The new development follows the publication of a notice by the registrar for any person with objections to the registration of the party to make submissions within seven days.

The notice expired in September with no submissions of objections, paving the way for the release of the certificate to enable the party leadership start its activities including recruitment of members and opening up of offices.

Sikawa, who addressed the media in Bungoma town where he has opened an office, said an interim committee of officials had been constituted with him as the party leader as they wait for full registration.

He unveiled Bungoma advocate Peter Mwibanda as secretary general, Samuel Musila the national chairman and Susan Mangeni the treasurer, with the party motto being “prosperity for all towards envisaged restoration of hope among Kenyans”.

Mwibanda said it had taken them several months to secure the certificate adding that the party would offer an alternative to people from parties that did not respect democratic principles.
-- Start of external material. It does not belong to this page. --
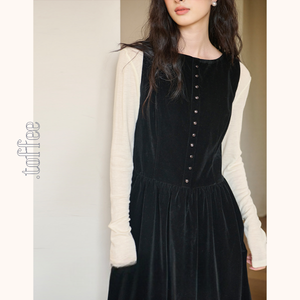 シンプルながらも洗練された印象を与える、ブラックAラインロングワンピース。フロントに並んだ小さなボタンが、さりげないアクセントとなり、女性らしさを際立たせます。Aラインのシルエットは、スタイルを美しく見せてくれるだけでなく、動くたびに柔らかな印象を与えます。あなたのワードローブに新たな魅力を加えてみて♡
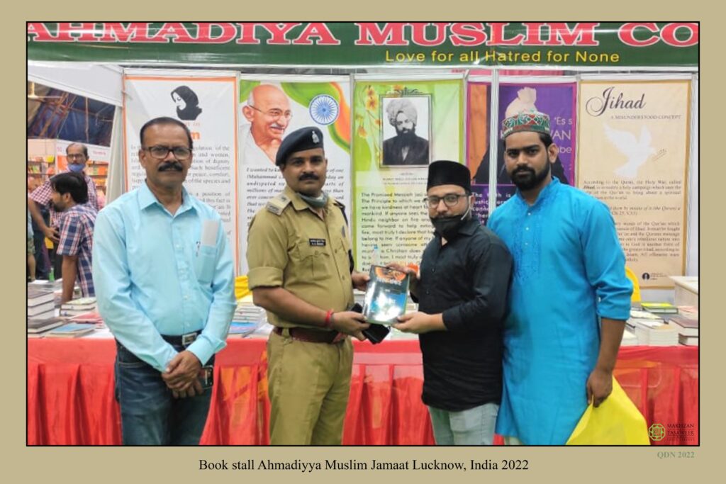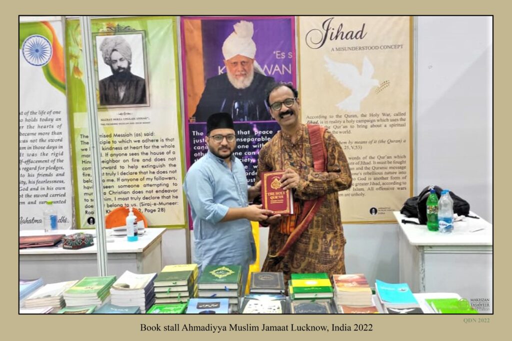 Listen to 20221118-book fair lakhnao india byAl Fazl International on hearthis.at مورخہ 23؍ستمبر تا 2؍اکتوبر 2022ء بھارت کے صوبہ اُتّر پردیش کے دارالحکومت لکھنؤ شہر میں نیشنل بُک ٹرسٹ آف انڈیا کی جانب سے بُک فیئر کا انعقاد کیا گیا جس میں جماعت احمدیہ لکھنؤ کو بھی اپنا سٹال لگا کر شرکت کرنے کا موقع ملا۔ جماعتی بُک سٹال میں قرآن مجید کے مختلف تراجم کے نسخے اور جماعتی لٹریچر Display میں رکھے گئے۔ اسی طرح قیام امن کے حوالہ سے حضور انور ایدہ اللہ تعالیٰ بنصرہ العزیز کے مختلف ارشادات پر مشتمل خوبصورت بینرز بھی آویزاں کیے گئے جو زائرین کی توجہ کا مرکز بنے رہے۔ جناب نائب وزیر اعلیٰ صاحب یوپی نے بھی جماعتی بُک سٹال کا وزٹ کیا اور جماعتی بُک سٹال کو دیکھ کر خوشی کا اظہار کیا۔ موصوف کو کتاب ’’عالمی بحران اور امن کی راہ‘‘ تحفۃً دی گئی۔ موصوف نے لکھنؤ میں جماعتی خدمات کو سراہا۔ جماعتی بُک سٹال میں مختلف طبقوں سے تعلق رکھنے والے لوگ تشریف لائے جن میں مذہبی، سماجی، سیاسی و سرکاری اہم شخصیات، سکول و کالجز کے طلباء بھی شامل ہیں۔ جماعتی سٹال میں آنے والے زائرین جو اسلامی تعلیمات سے خصوصی دلچسپی رکھتے ہیں ان کو ان کے مزاج کے مطابق جماعتی لٹریچر بھی تحفۃً دیا گیا جس میں قرآن مجید، لائف آف محمدﷺ، عالمی بحران اور امن کی راہ، اسلام کا اقتصادی نظام وغیرہ کتب شامل تھیں۔ اس بُک فیئر کے موقع پر اسلام کی امن بخش تعلیمات اور قیام امن عالم کے حوالہ سے حضور انور ایدہ اللہ تعالیٰ بنصرہ العزیز کے مختلف روح پرور خطابات اور ارشادات پر مشتمل ساڑھے تین ہزار سے زائد لیف لیٹس تقسیم کیے گئے۔ کتاب ’’عالمی بحران اور امن کی راہ‘‘ بھی وسیع پیمانے میں معزز زائرین کے درمیان تقسیم کی گئی۔ جماعتی بُک سٹال کا ساڑھے سات سو سے زائد لوگوں نے وزٹ کیا اور اسلام و احمدیت کے متعلق تعارف حاصل کیا اور اسلام کے متعلق مختلف سوالات کیے اور جماعتی نمائندگان نے ان کے استفسارات کےتسلی بخش جوابات پیش کیے اور ان کی غلط فہمیوں کا ازالہ کیا۔ اللہ تعالیٰ سے دعا ہے کہ اس بُک سٹال کے ذریعہ سے کی گئی تبلیغی مساعی میں بے انتہاء برکت عطا کرے اور اس کے نیک و دور رس نتائج ظاہر فرمائے۔ آمین (رپورٹ: شعبہ پریس اینڈ میڈیا بھارت)

“We have gone out full blast and I can report that the response has been more than we expected; most people seem to be tired with the older parties,” he said.

The party official said they are targeting to register an initial 3 million members and open offices in 24 counties as required by the Political Parties Act 2011.

He said as opposed to the current parties that are run like personal property, NRP will belong to members who will be the key decision makers.

Sikawa, who worked for the defunct Kenya Times in Kakamega in the 1980s, said the devolved governments were more than necessary but added that he would advocate for allocation of more resources to the regions.

He recommended that because most of the people lived in the countryside, at least 60pc of the national budget should be allocated to the counties for any meaningful development.

Sikawa said the 15pc being allocated so far was too little and was being spent on salaries for the county staff at the expense of development.